It may be admitted without debate that the theory just sketched does express at least one phase both of moral and political experience. Even the routine observance of the law may stiffen a man in the maintenance of an ideal against odds, as in the case of the poverty-stricken father who may feel the compulsory school law as a deliverance from temptation. The theory serves to suggest, at least, the extreme complexity of desires and impulses and to indicate how false, both in theory and in practice, is the superficial notion of the individual as a simple, ready-made entity. It suggests what psychological analysis has since shown more concretely, that human nature is a tangled thicket of impulses and tendencies, having various degrees of importance and requiring co-ordination and organization before they can lead to any effective achievement either within or without the self. And finally it cuts the ground from under that bane of ethical discussion, the superficial distinction between egoism and altruism; for it shows how little concrete interests permit themselves to be thus dichotomized.

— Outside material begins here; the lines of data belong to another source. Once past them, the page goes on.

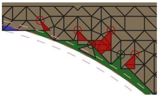 Comparing the above-mentioned drawing inconsistencies with current photos we observed that the drawing was not wrong, i.e., the drawing deformations seem to match to the real ones. After analyzing the Jones’s drawings, we established a starting hypothesis in order to interpret our own drawings: the muqarnas were deformed from their conception to their construction. To verify our hypothesis, we identified the muqarnas pieces in both the photos and the point cloud, and we tried to draw the ideal plan following the geometric grouping rules (Figure 12) without the real deformations existing in the room. We observe that fitting the pieces is an impossible task: in some points there are coincident pieces with both overlapping and hole angles as shown in Figure 12 and Figure 13 marked with red and green circles, respectively; this means that it is necessary to deform such pieces to avoid both the overlapping and holes, shaded by red and green areas, respectively, in Figure 12 and Figure 13.
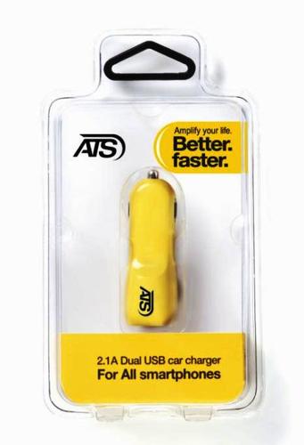 מטען USB לרכב 2A צבע צהוב עם 2 כניסות ATS
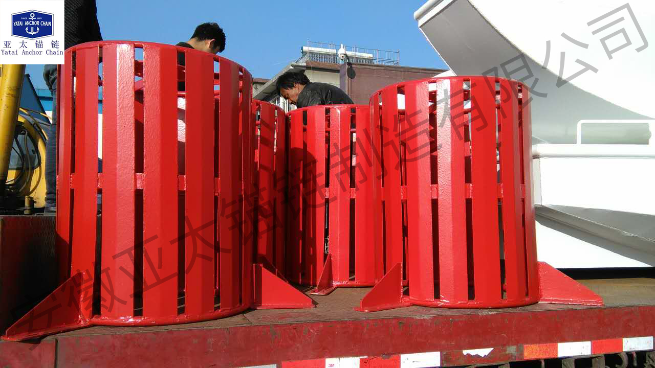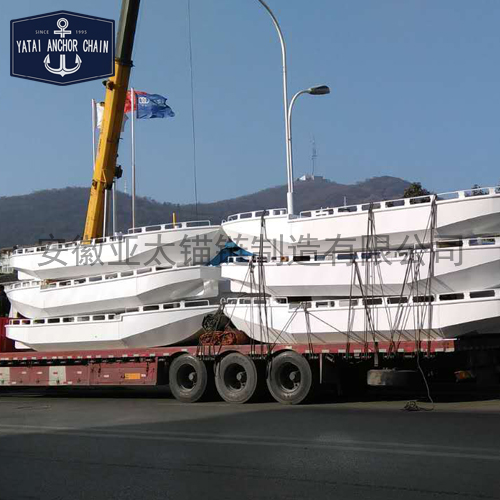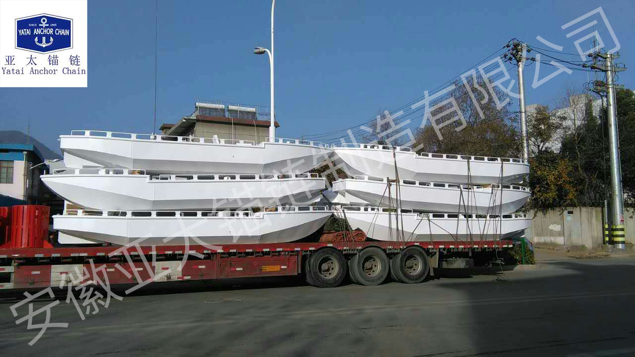 船体中间位置设有安装锚灯的灯架,所述灯架两侧旁设有数个十字桩,所述船体的头部还设有带缆桩,所述船体的两侧各设有一对系环;
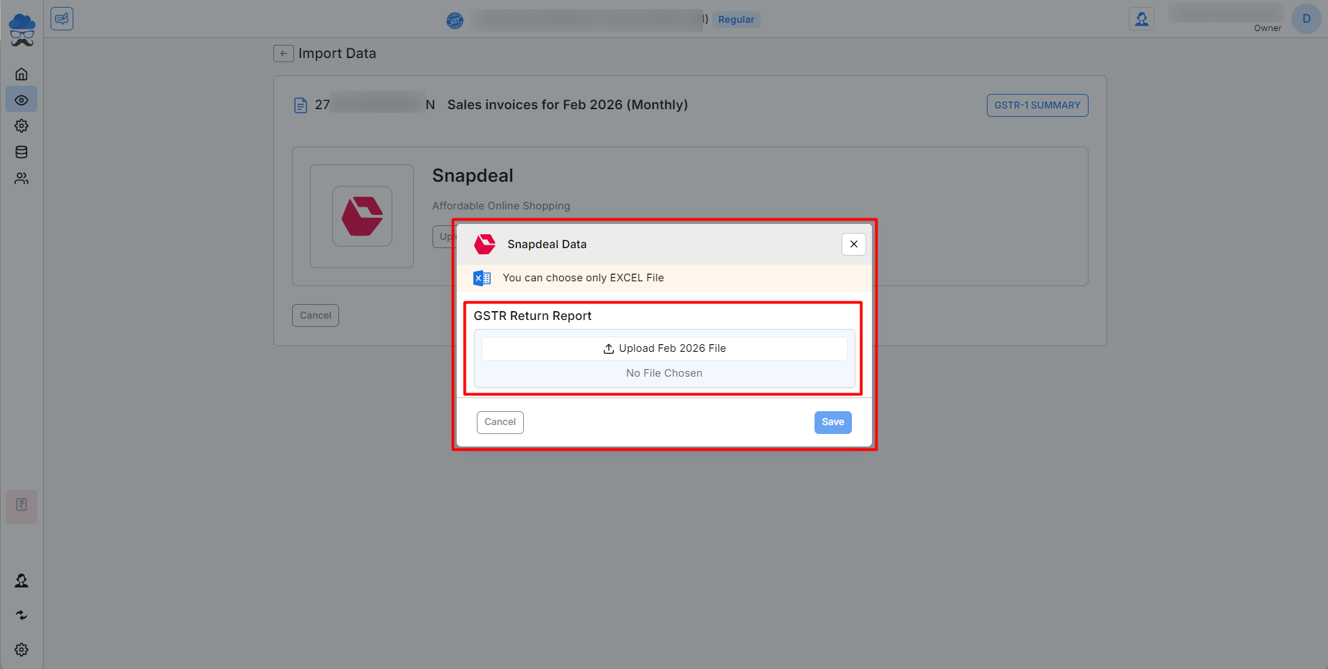 - Navigate to the company Return section, specifically within GSTR-1, and select Import Your Data located in the top right corner.
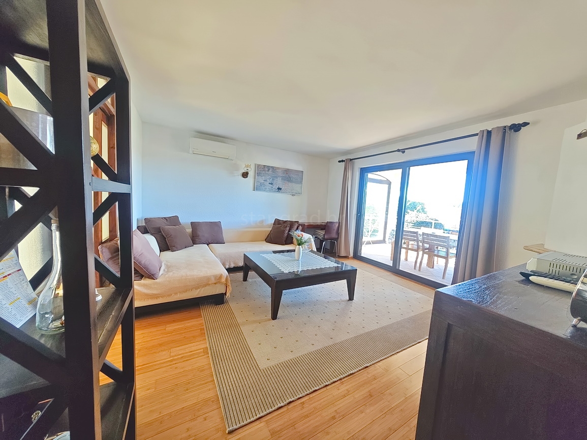 This very attractive building is spread over two functional floors and consists of two separate apartments. The total area of the house is 235 m². On the ground floor, there is a two-bedroom apartment comprising a living room, kitchen with dining area, bathroom, two bedrooms, a covered terrace, and a balcony. An external staircase leads to the first floor, which also features a two-bedroom apartment with an entrance hall, bathroom, kitchen with dining area, living room, two bedrooms, a terrace, and a balcony. The interior spaces of the property are exceptionally well maintained and fully equipped with modern technical appliances and high-quality furniture.
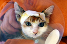 ミヤおは、7日日曜日の朝から元気がなくなった。頭か腹か、どこか痛かったのだろう。一日中苦しみもがいていた。苦しそうであり、すごく痛そうであった。その日はへたり込んだまま動けなくなった。そのまま死んでしまうのではないかと思った。しかし、その後だんだんと回復して、エサも食うようになった。 今日は、だいぶよくなってきてエサを良く食う。ふらふらするが長い距離を歩けるようになった。まだまだ元気とは言えないが、小猫らしい行動が出てきたのでひと安心。 ばんごはんはカツ丼。 |
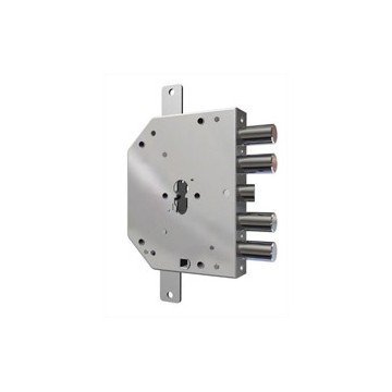 Lock to be applied. 2 throws, triple locking with latch operated both with key and with handle square, 3 locking points, without rods, galvanized, box mm. 130x164. For European cylinder.
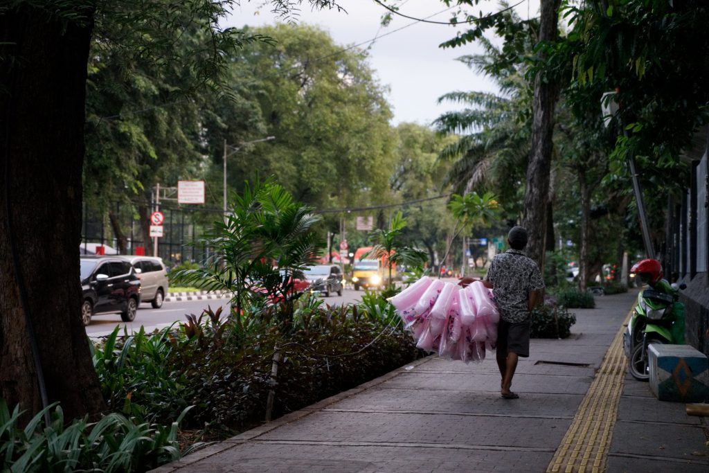 ジャカルタ大聖堂とイスティクラル・モスクは道を挟んで並んでいるのですが、道を渡る際に綿あめ売りのおじさんを見かけて写真を撮りました。東南アジアな雰囲気満点の1枚が撮れたと思っています。

Nevertheless, while the theory goes definitely beyond the ready-made individual, it comes dangerously near to stopping with another ready-made entity, the social organization. It is probably true that no such result was intended, and yet there is a definite tendency to over-emphasize the ultimateness of the social order. At least, this is true of Mr. Bradley and Professor Bosanquet, though it is certainly far less true of T. H. Green, who has been accused by Professor Bosanquet of over-caution in estimating the value of the state to its members.[1] Characteristically the emphasis of the idealists was upon the ethical necessity of finding a station in the objective order, as if the system were final while the individual is only casual. The argument starts from a sound principle, viz., the principle that ultimately the individual's claim to a right has to be judged in the light of the common good, but this does not really exclude the other principle, viz., that any organization of the common good has also to give scope to individual accomplishment. Thus it is quite evident as a matter of history that many claims to rights

  1. Op. cit., preface, p. ix.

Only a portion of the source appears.